Given records ▸
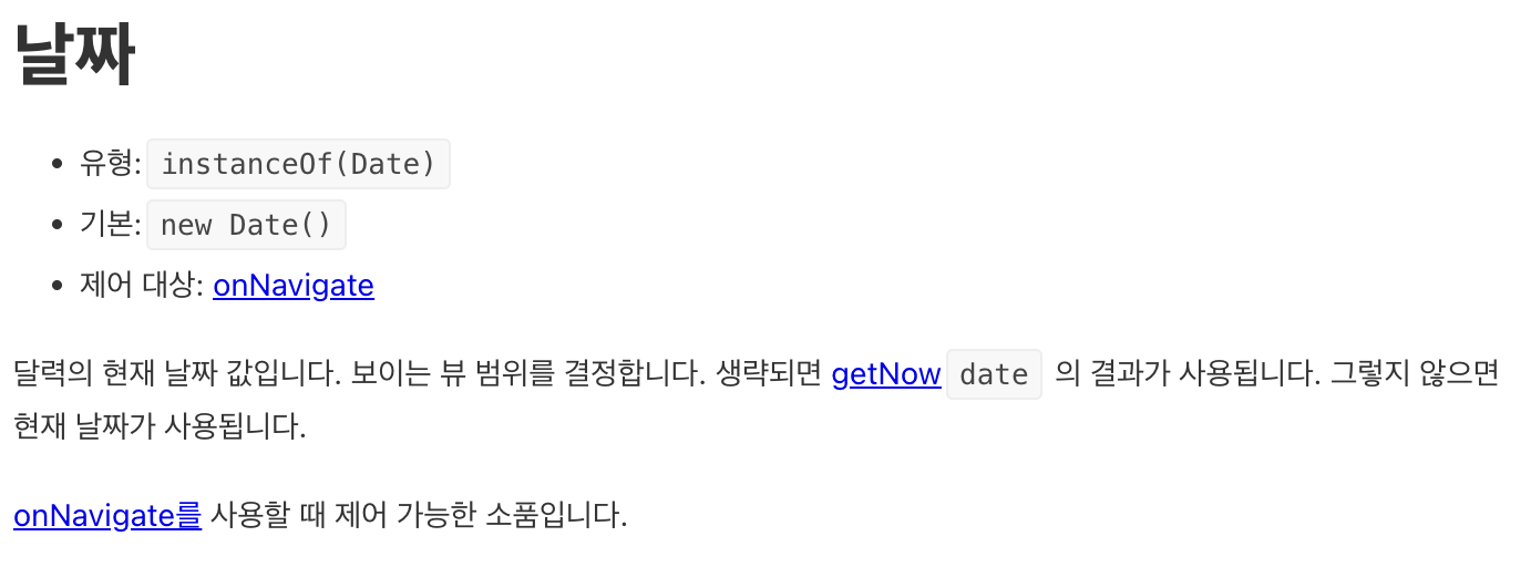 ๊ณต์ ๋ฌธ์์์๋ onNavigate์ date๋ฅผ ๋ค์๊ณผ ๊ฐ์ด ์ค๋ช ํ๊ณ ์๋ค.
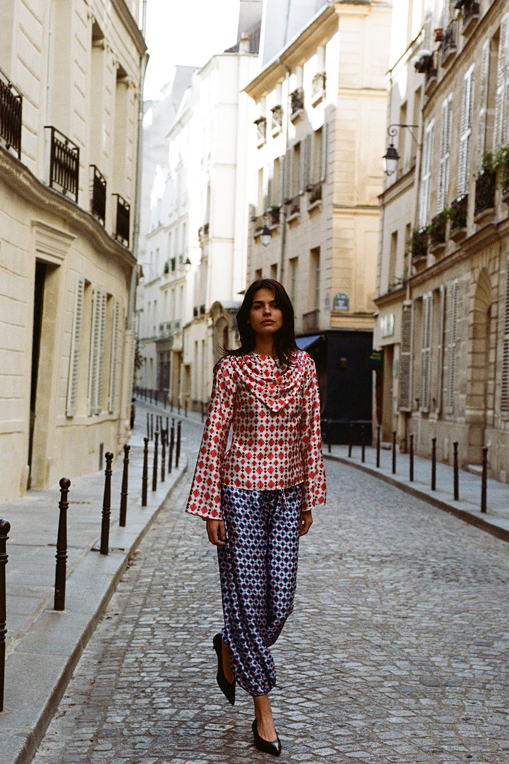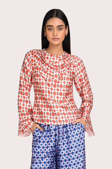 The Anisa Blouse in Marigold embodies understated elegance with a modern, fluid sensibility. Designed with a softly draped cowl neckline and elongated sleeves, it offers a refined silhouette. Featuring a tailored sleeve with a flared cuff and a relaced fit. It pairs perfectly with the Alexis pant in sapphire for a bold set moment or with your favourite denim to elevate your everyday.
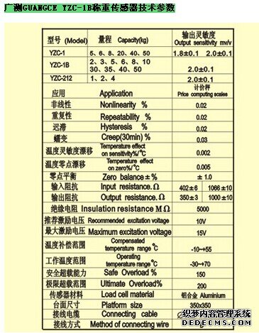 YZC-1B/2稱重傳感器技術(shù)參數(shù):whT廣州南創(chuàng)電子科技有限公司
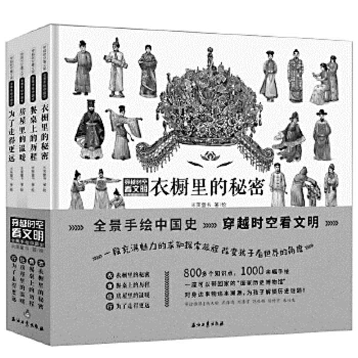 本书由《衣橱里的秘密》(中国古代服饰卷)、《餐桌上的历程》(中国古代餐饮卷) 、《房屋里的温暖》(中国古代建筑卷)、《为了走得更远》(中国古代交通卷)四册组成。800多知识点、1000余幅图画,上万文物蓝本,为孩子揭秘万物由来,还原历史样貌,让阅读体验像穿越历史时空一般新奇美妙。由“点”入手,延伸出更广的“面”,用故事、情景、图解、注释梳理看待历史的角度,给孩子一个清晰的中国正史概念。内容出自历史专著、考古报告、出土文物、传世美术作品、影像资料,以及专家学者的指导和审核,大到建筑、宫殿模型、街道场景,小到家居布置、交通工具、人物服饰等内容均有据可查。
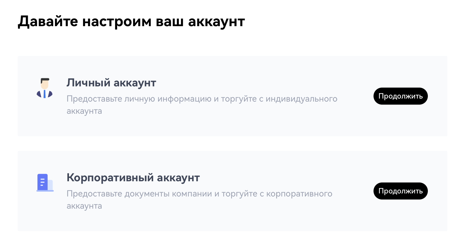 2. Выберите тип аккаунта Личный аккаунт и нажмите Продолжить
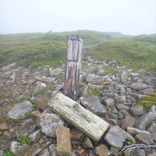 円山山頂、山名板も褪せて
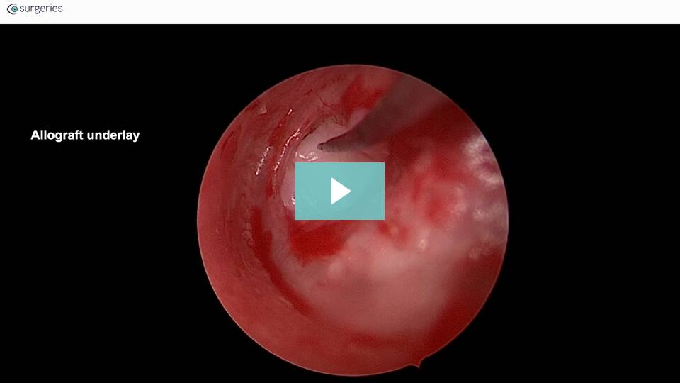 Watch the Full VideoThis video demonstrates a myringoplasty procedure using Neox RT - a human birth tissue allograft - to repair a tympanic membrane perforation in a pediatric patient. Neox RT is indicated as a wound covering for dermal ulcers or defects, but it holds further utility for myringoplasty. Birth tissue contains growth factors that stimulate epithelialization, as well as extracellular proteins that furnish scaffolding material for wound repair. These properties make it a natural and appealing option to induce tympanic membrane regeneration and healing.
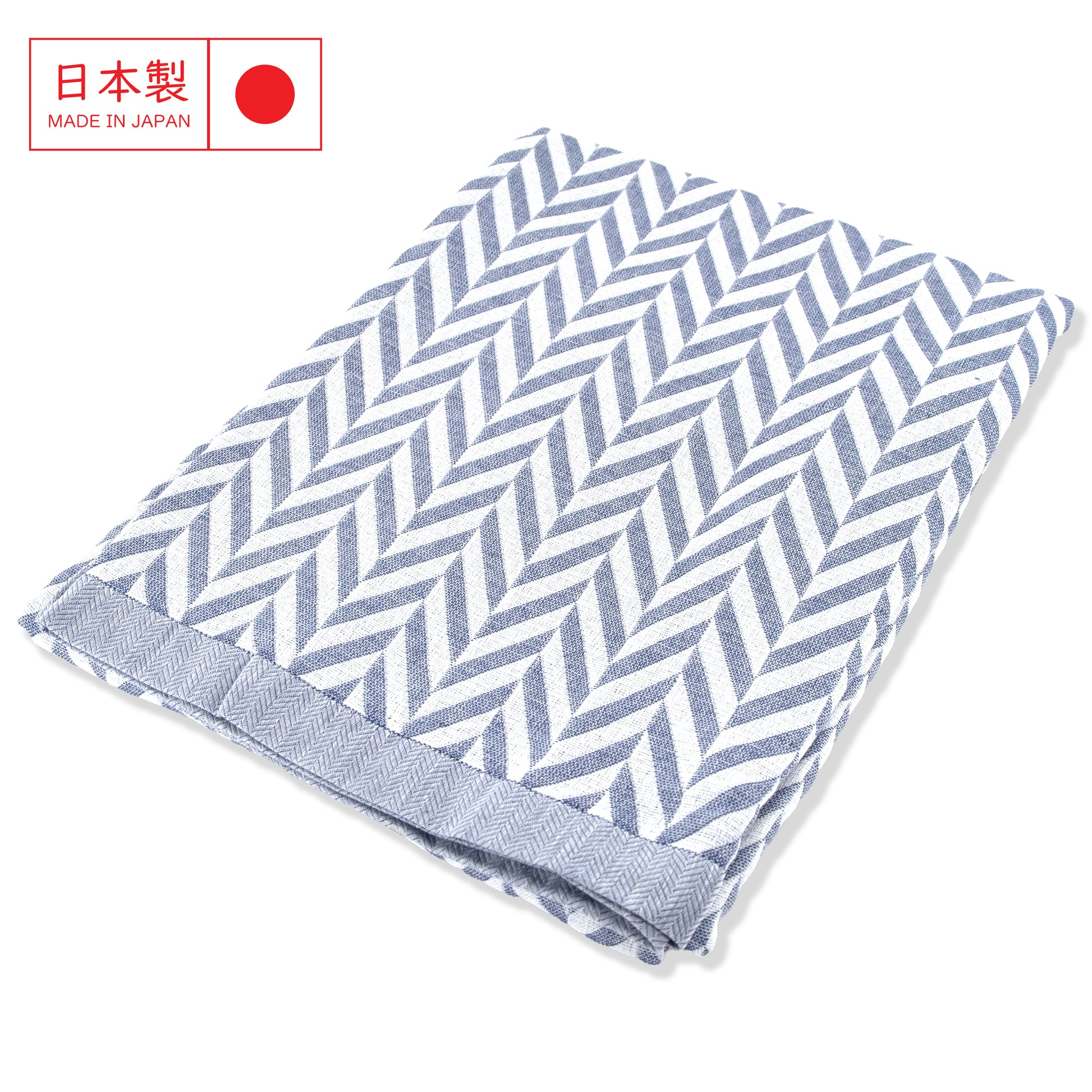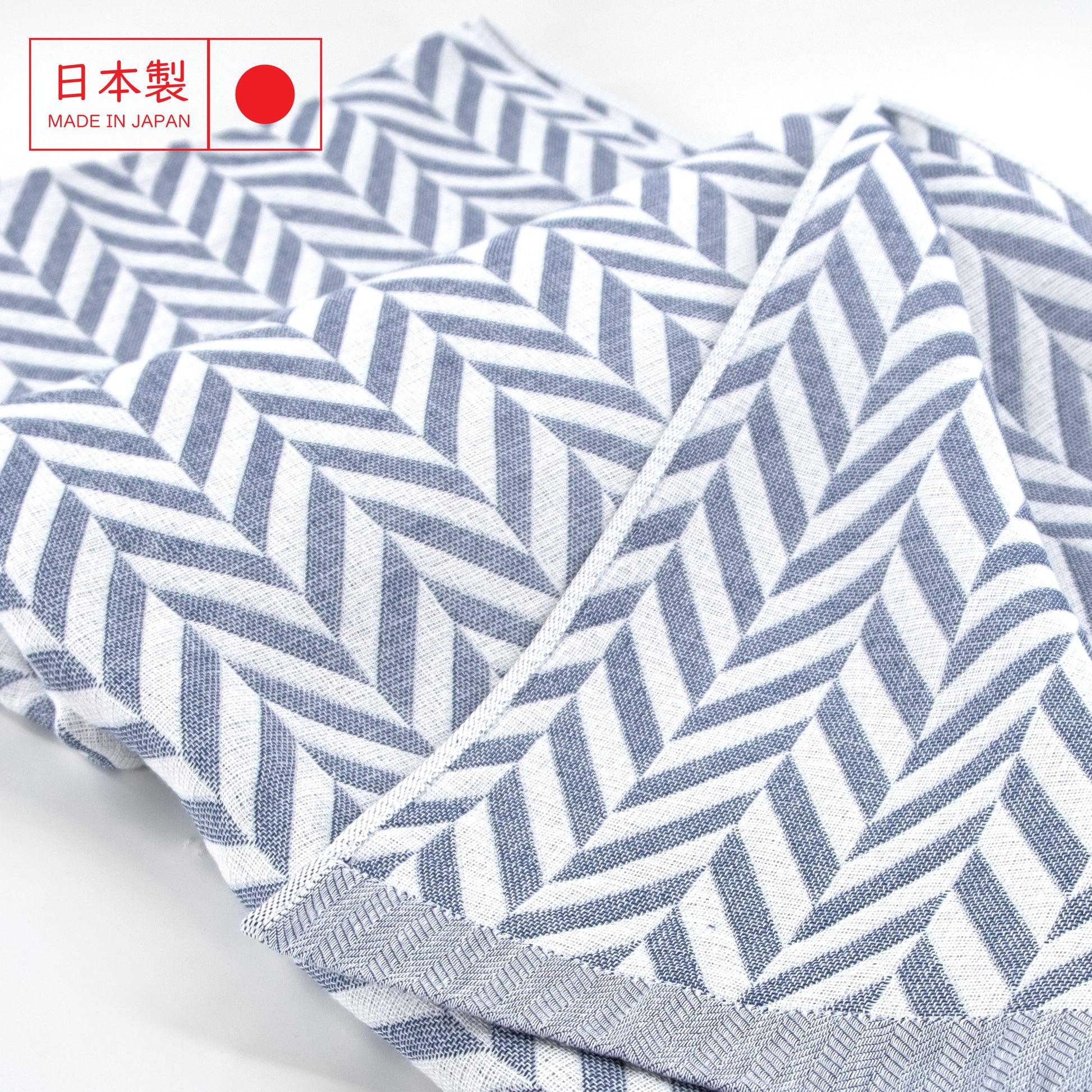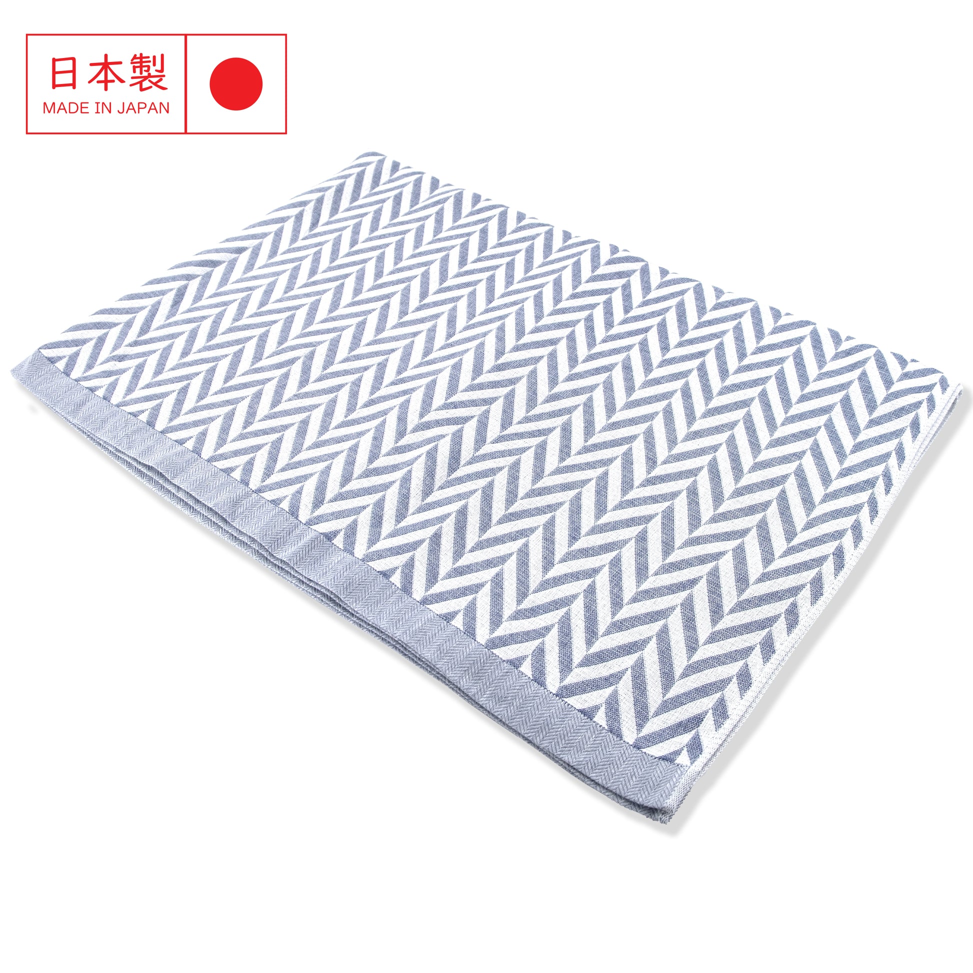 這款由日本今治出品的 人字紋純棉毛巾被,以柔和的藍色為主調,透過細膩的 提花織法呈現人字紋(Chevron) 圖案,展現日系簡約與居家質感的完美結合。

---

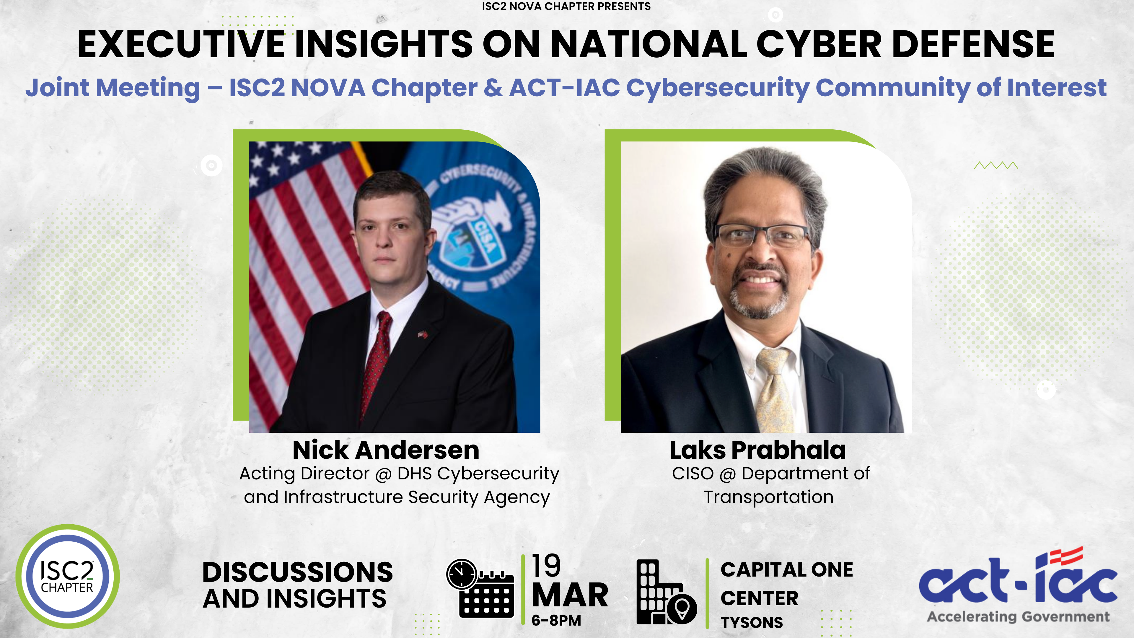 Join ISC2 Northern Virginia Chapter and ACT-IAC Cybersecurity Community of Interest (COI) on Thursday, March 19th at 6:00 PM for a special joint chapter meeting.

==

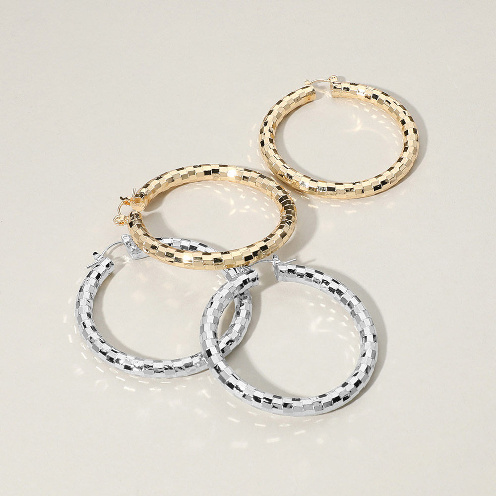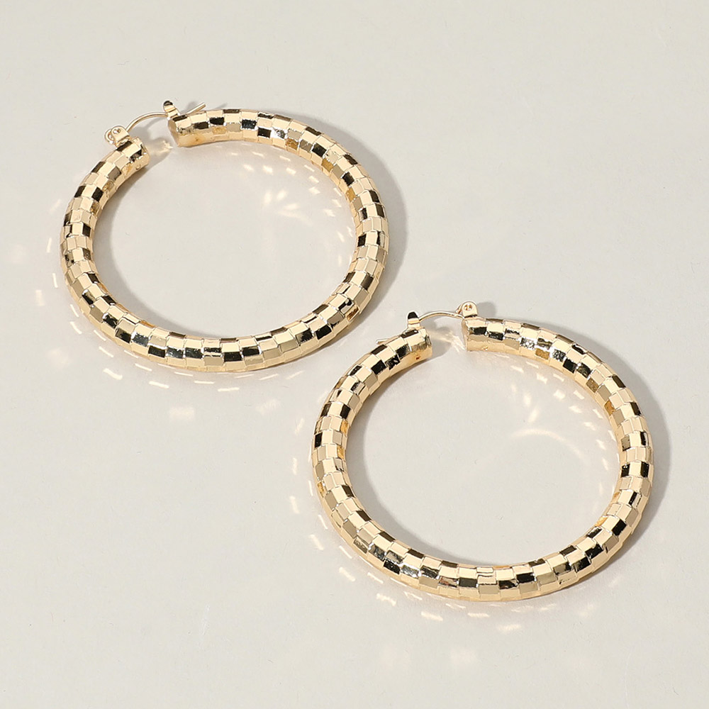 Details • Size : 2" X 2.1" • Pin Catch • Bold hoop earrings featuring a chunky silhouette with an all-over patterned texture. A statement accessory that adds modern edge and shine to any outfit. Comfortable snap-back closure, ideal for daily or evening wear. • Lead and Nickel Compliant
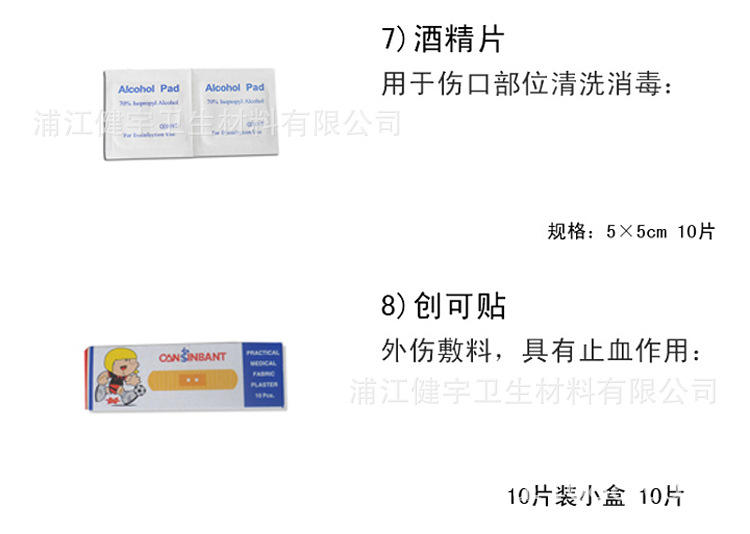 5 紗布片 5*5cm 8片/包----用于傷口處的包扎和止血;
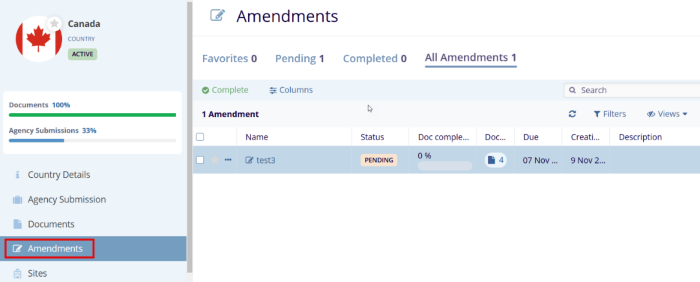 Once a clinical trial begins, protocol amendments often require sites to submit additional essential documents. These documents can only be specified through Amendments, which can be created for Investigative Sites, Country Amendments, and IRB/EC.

Work task ▸ Although the records above contain pictures, the copy should not; retype exactly the lines from the one containing "date๋ฅผ ๋ค์๊ณผ ๊ฐ์ด ์ค๋ช ํ๊ณ ์๋ค." through the one containing "Watch the Full".

Answer for this exercise ▸
 ๊ณต์ ๋ฌธ์์์๋ onNavigate์ date๋ฅผ ๋ค์๊ณผ ๊ฐ์ด ์ค๋ช ํ๊ณ ์๋ค.
 The Anisa Blouse in Marigold embodies understated elegance with a modern, fluid sensibility. Designed with a softly draped cowl neckline and elongated sleeves, it offers a refined silhouette. Featuring a tailored sleeve with a flared cuff and a relaced fit. It pairs perfectly with the Alexis pant in sapphire for a bold set moment or with your favourite denim to elevate your everyday.
 YZC-1B/2稱重傳感器技術(shù)參數(shù):whT廣州南創(chuàng)電子科技有限公司
 本书由《衣橱里的秘密》(中国古代服饰卷)、《餐桌上的历程》(中国古代餐饮卷) 、《房屋里的温暖》(中国古代建筑卷)、《为了走得更远》(中国古代交通卷)四册组成。800多知识点、1000余幅图画,上万文物蓝本,为孩子揭秘万物由来,还原历史样貌,让阅读体验像穿越历史时空一般新奇美妙。由“点”入手,延伸出更广的“面”,用故事、情景、图解、注释梳理看待历史的角度,给孩子一个清晰的中国正史概念。内容出自历史专著、考古报告、出土文物、传世美术作品、影像资料,以及专家学者的指导和审核,大到建筑、宫殿模型、街道场景,小到家居布置、交通工具、人物服饰等内容均有据可查。
 2. Выберите тип аккаунта Личный аккаунт и нажмите Продолжить
 円山山頂、山名板も褪せて
 Watch the Full VideoThis video demonstrates a myringoplasty procedure using Neox RT - a human birth tissue allograft - to repair a tympanic membrane perforation in a pediatric patient. Neox RT is indicated as a wound covering for dermal ulcers or defects, but it holds further utility for myringoplasty. Birth tissue contains growth factors that stimulate epithelialization, as well as extracellular proteins that furnish scaffolding material for wound repair. These properties make it a natural and appealing option to induce tympanic membrane regeneration and healing.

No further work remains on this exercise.